Load synchronization channel

from npyx.inout import get_npix_sync # star import is sufficient, but I like explicit imports!

# If SpikeGLX: slow the first time, then super fast
onsets, offsets = get_npix_sync(dp)
# onsets/offsets are dictionnaries
# keys: ids of sync channel where a TTL was detected,
# values: times of up (onsets) or down (offsets) threshold crosses, in seconds.

Preprocess binary data

Makes a preprocessed copy of the binary file in dp, moves original binary file at dp/original_data This will be as fast as literally copying your file, with a decent GPU!

from npyx.inout import preprocess_binary_file # star import is sufficient, but I like explicit imports!

# can perform bandpass filtering (butterworth 3 nodes) and median subtraction (aka common average referenceing, CAR)
# in the future: ADC realignment (like CatGT), whitening, spatial filtering (experimental).
filtered_fname = preprocess_binary_file(dp, filt_key='ap', median_subtract=True, f_low=None, f_high=300, order=3, verbose=True)

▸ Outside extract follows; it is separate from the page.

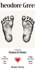 Ajaton ja tyylikäs henkilökohtainen juliste, jossa on vauvan jalanjäljet ja mukautetut syntymätiedot, kuten nimi, päivämäärä, aika, paino, pituus ja syntymäpaikka. Puhdas minimalistinen muotoilu pehmeällä neutraalilla taustalla tekee siitä täydellisen muiston uusille vanhemmille ja kauniin lisäyksen lastenhuoneeseen tai perheen seinään.
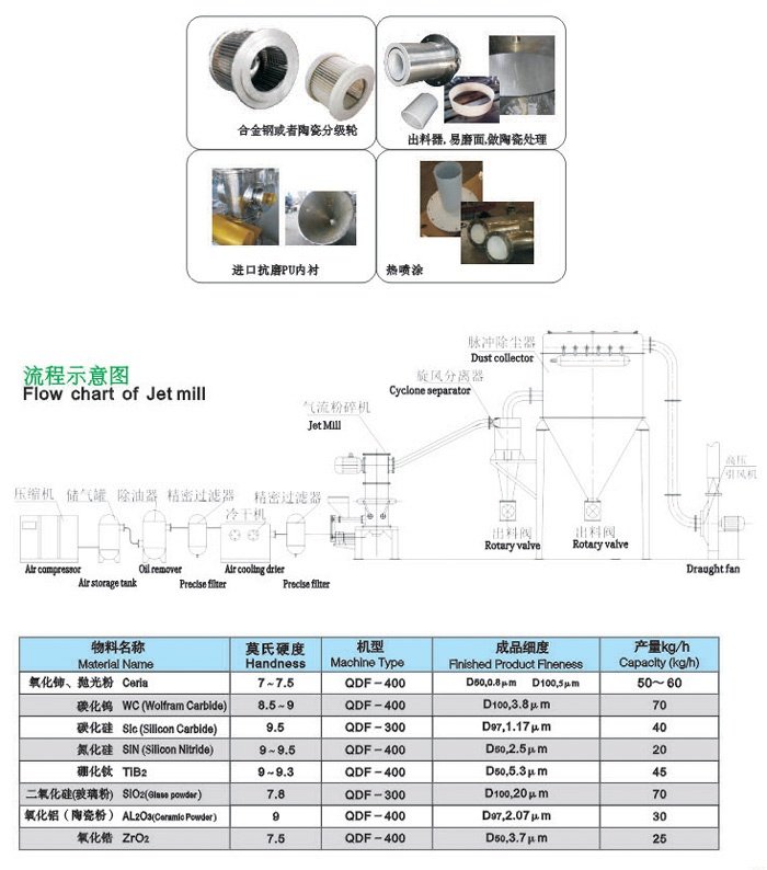 分級輪采用合金鋼或高硬度陶瓷;出料器,易磨面做陶瓷處理;進口抗磨PU內(nèi)襯,熱噴涂等

Get good units from dataset

from npyx.gl import get_units
units = get_units(dp, quality='good')

Load spike times from unit u

from npyx.spk_t import trn
u=234
t = trn(dp, u) # gets all spikes from unit 234, in samples

Load waveforms from unit u

from npyx.inout import read_spikeglx_meta
from npyx.spk_t import ids, trn
from npyx.spk_wvf import get_peak_chan, wvf, templates

# returns a random sample of 100 waveforms from unit 234, in uV, across 384 channels
waveforms = wvf(dp, u) # return array of shape (n_waves, n_samples, n_channels)=(100, 82, 384) by default
waveforms = wvf(dp, u, n_waveforms=1000, t_waveforms=90) # now 1000 random waveforms, 90 samples=3ms long

# Get the unit peak channel (channel with the biggest amplitude)
peak_chan = get_peak_chan(dp,u)
# extract the waveforms located on peak channel
w=waves[:,:,peak_chan]

# Extract waveforms of spikes occurring between
# 0-100s and 300-400s in the recording,
# because that's when your mouse sneezed
waveforms = wvf(dp, u, periods=[(0,100),(300,400)])

# alternatively, longer but more flexible:
fs=meta['highpass']['sampling_rate']
t=trn(dp,u)/fs # convert in s
# get ids of unit u: all spikes have a unique index in the dataset,
# which is their rank sorted by time (as in spike_times.npy)
u_ids = ids(dp,u)
ids=ids(dp,u)[(t>900)&(t<1000)]
mask = (t<100)|((t>300)&(t<400))
waves = wvf(dp, u, spike_ids=u_ids[mask])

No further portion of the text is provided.